Another app that takes a similar approach with some killer extras is called Snackr, which is available on iOS. The Snackr app will not only curate a personalized stream of news for you, it will also read a summary of it out loud.
If you think about the ways Siri has changed the way that iPhone users are interacting with their phones, this approach makes complete sense. Sure, there are apps that will read tweets out loud to you, but that’s not really the most productive use of your time.

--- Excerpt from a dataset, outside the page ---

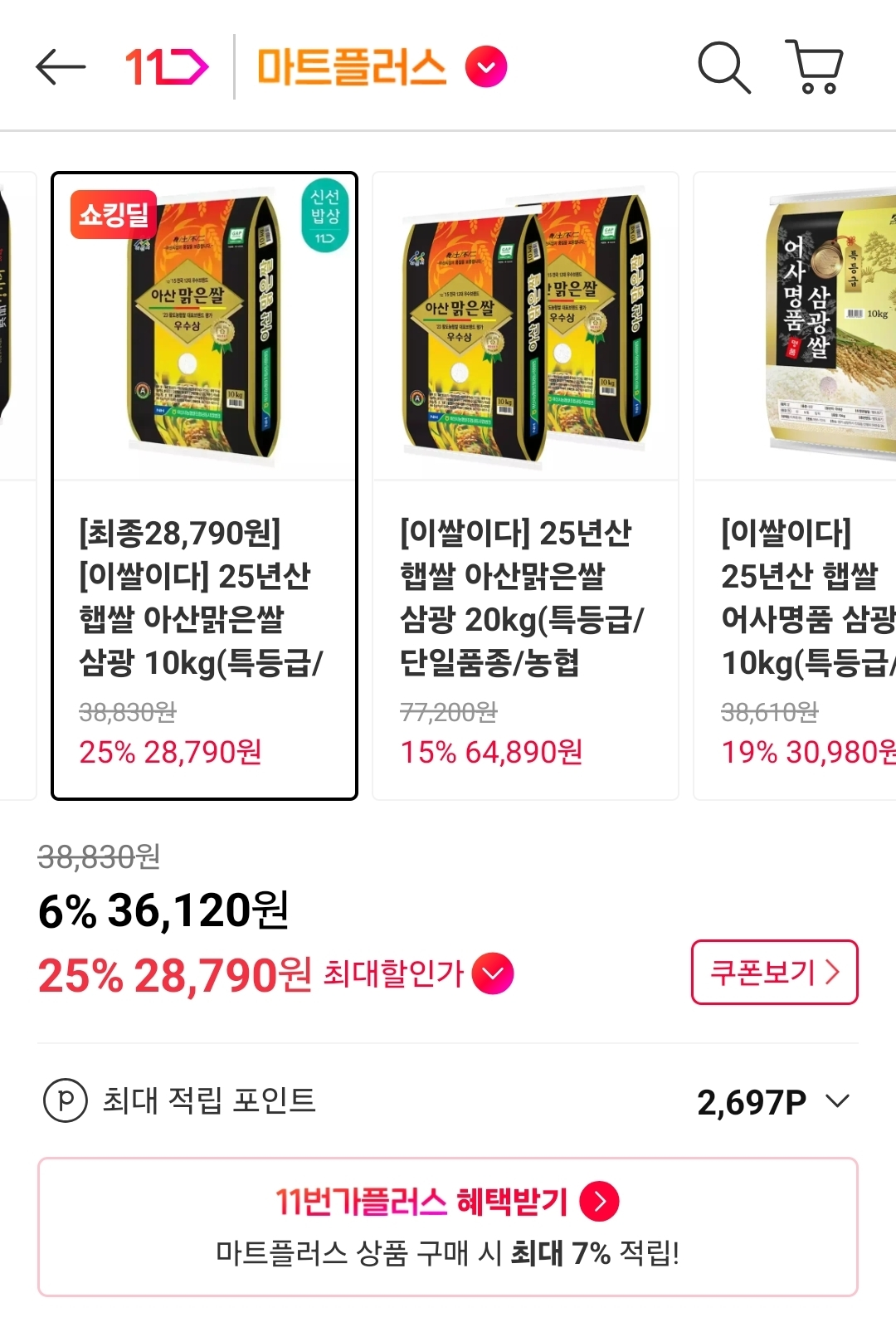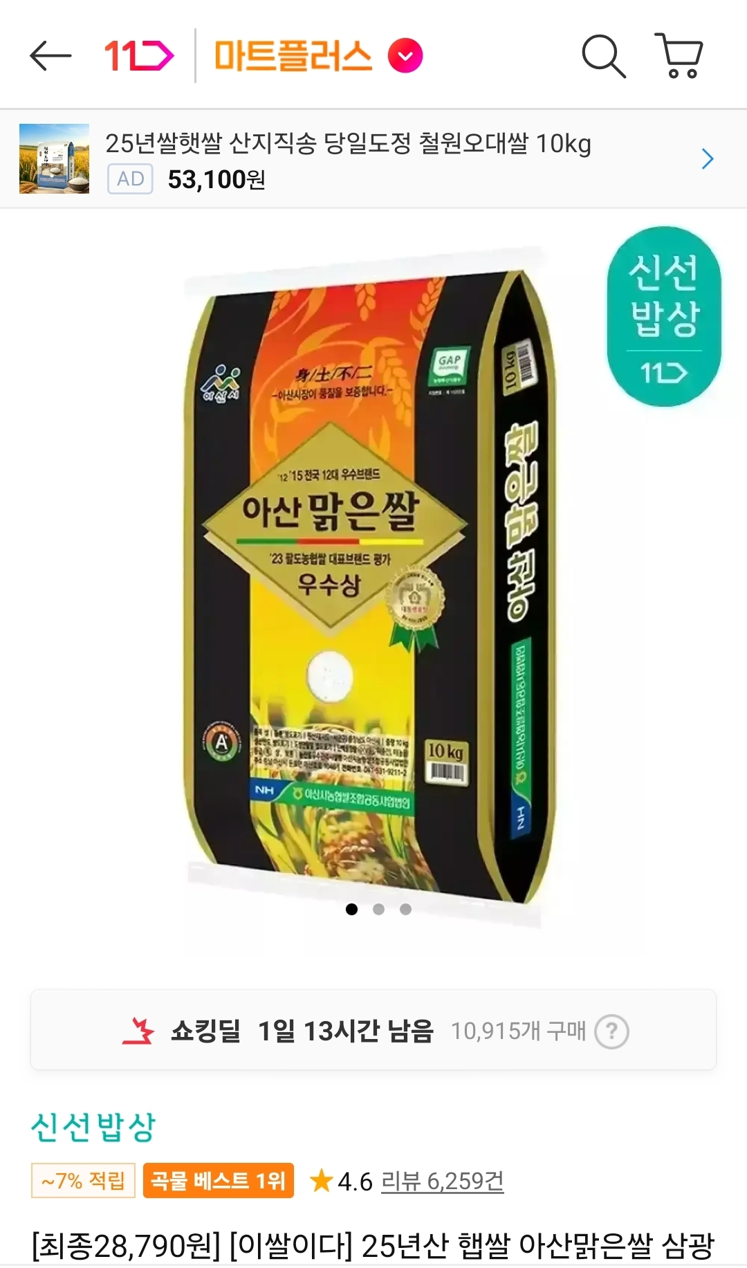 [식품/건강][11번가] 어플전용 - 25년산 햅쌀 아산맑은쌀 삼광 10kg - 28,790원 작성자일소일맥4|작성시간26.04.10|조회수277 목록 댓글 4 글자크기 작게가 글자크기 크게가 링크 : http://www.11st.co.kr/products/3085984766/share[11번가] [최종28,790원] [이쌀이다] 25년산 햅쌀 아산맑은쌀 삼광 10kg(특등급/단일품종/농협 GAP인증)카테고리: 백미, 가격 : 36,120원www.11st.co.kr 어플에서 구입해야 28,790원 입니다. 다음검색 현재 게시글 추가 기능 열기 북마크 공유하기 신고 센터로 신고 댓글 댓글 4 댓글쓰기 답글쓰기 댓글 리스트 작성자100개가진알콜쟁이 | 작성시간 26.04.10 어제 고시히카리 4.5에 샀는데 작성자피빛하늘 | 작성시간 26.04.10 쌀값도 많이 올랐군요 싸진게 3만원정도라니 ㅠ 작성자윤계상 | 작성시간 26.04.10 이 쌀 맛있는데 쟁여놔야겠네요 작성자광빨에기절 | 작성시간 26.04.10 며칠전 구입한거 어제 왔는데 추가 구매 합니다.전 삼광미만 먹거든요 댓글 전체보기

I spent the weekend using Snackr and have found it to be incredibly useful as I’m doing other things on my computer. Sure, it’s a mobile app, but the idea that you can have a steady flow of news read to you throughout the day is pretty awesome.
Good morning, Alfred
The British voice of “Alfred” will greet you with a “5 Minute Snack” once you’ve signed up for the app using your Facebook account. When you open your app, you will be greeted by name and before important news is read to you, you’re reminded of today’s weather and which one of your friends are having a birthday today.
Snackr creates default channels in the categories of; top news, technology and startups, business, and entertainment. Each channel will continually update itself in real-time, and each story will be read to you out loud by Alfred. The summary of the story, including headline, takes about thirty seconds per story. If a piece of news interests you further, you can stop the summary and read the entire thing or tap the star to read it later with the rest of your favorites.
Along with stories that you’ve marked as favorites, you can see an entire history of the news that has been read to you:
Not only does Snackr keep me informed about all of the news that I haven’t found myself online, it’s a nice way to dive into some other topics that aren’t your primary focus, such as entertainment. It’s really easy to get lost while clicking around on TMZ, so getting these “snack size” updates by way of your iPhone is a great way to stay productive and informed at the same time.
The app is completely free but it doesn’t seem like the service “learns” anything about you based on what news you skip over like Pandora does for music. The personalization aspect seems to be limited to what the app can find out about you based on your Facebook interactions. I like what the company has done with the app so I’m hoping that it makes Snackr a bit more intelligent. I’d also like to be able to add or remove certain sources, as too many times I’ve heard stories from a source that I’d never read at all.